Since then, Yasuhiko worked on character designs for other installments in the Gundam franchise, including Mobile Suit Zeta Gundam and Mobile Suit Gundam F91. He was the director and character designer of the Mobile Suit Gundam: The Origin anime and most recently, the Mobile Suit Gundam: Cucuruz Doan's Island movie (pictured left) which premiered in June.

Yasuhiko began working as a manga creator with his manga Arion, which first serialized in 1979, and The Venus Wars which first serialized in 1986. In 2001, Yasuhiko launched his Gundam: The Origin manga, a retelling of the original 1979 series' story. Yasuhiko launched his "final new series" Inui to Tatsumi: Siberia Shuppei Hishi- (Inui and Tatsumi: Secret History of the Siberian Intervention) Kodansha's Monthly Afternoon magazine in September 2020.

Tamura worked as director of photography on the 100 Banme no Saru anime film and the Self-Portrait stop-motion animation film. Tamura began his professional career in the 1970 film My Home. Tamura has since worked in numerous animation projects, including numerous short works.
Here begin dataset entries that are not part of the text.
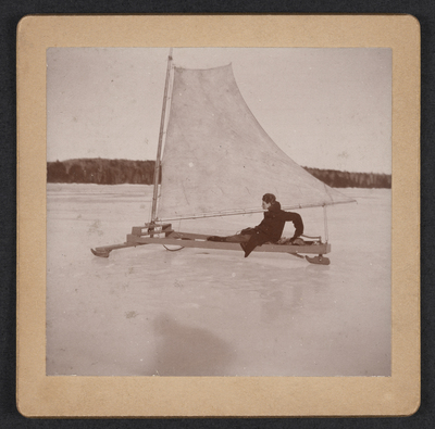 Photograph of a man navigating an ice sailing boat on a frozen lake.
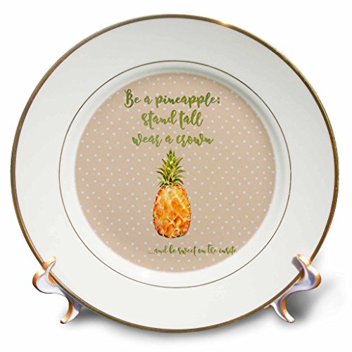 3D Rose Typography Text Watercolor Dots Pineapple Fun Cheeky Motivation Porcelain Plate, 8"
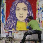 Pittsburgh artist Tom Mosser works on the portrait of Pennsylvania second lady Gisele Barreto Fetterman (wife of Lt. Gov. John Fetterman) in Mosser’s Etna studio.
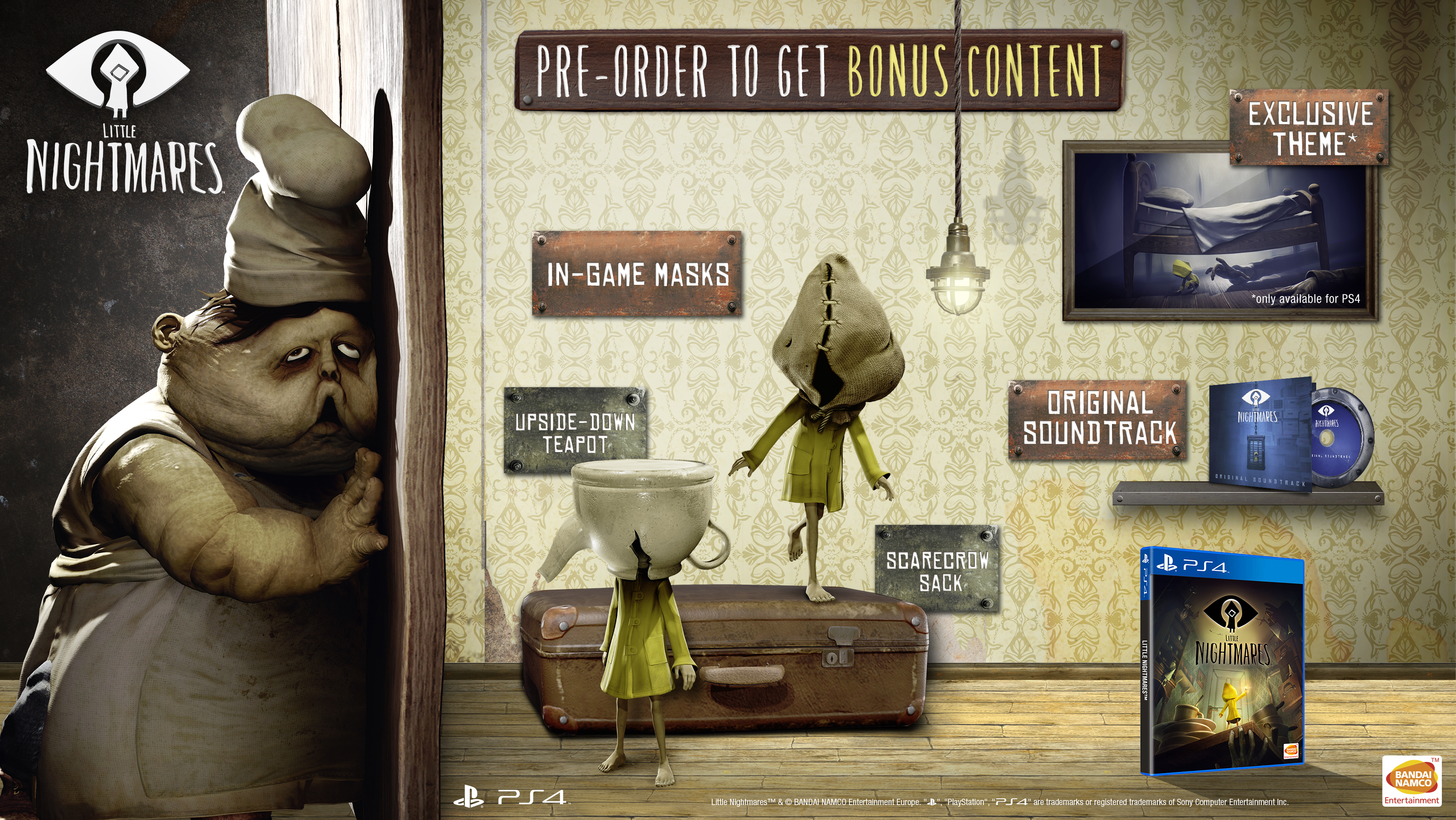 By pre-ordering*, all players will receive The Scarecrow Sack and the Upside-down Teapot Masks to help Six blend in with the other inhabitants of The Maw. PS4™ and PC users will also receive the original soundtrack in digital format, an exclusive PS4™ theme or a PC wallpaper featuring The Janitor.

He works commonly with three-dimensional subjects including clay and wool-based subjects.

An awards ceremony will take place at the Base Q venue in the Tokyo Midtown Hibiya complex on October 24. This year's Film Awards will be the last, as the Agency of Cultural Affairs plans to consolidate them with the Media Arts Awards, which has also honored many anime and manga creators.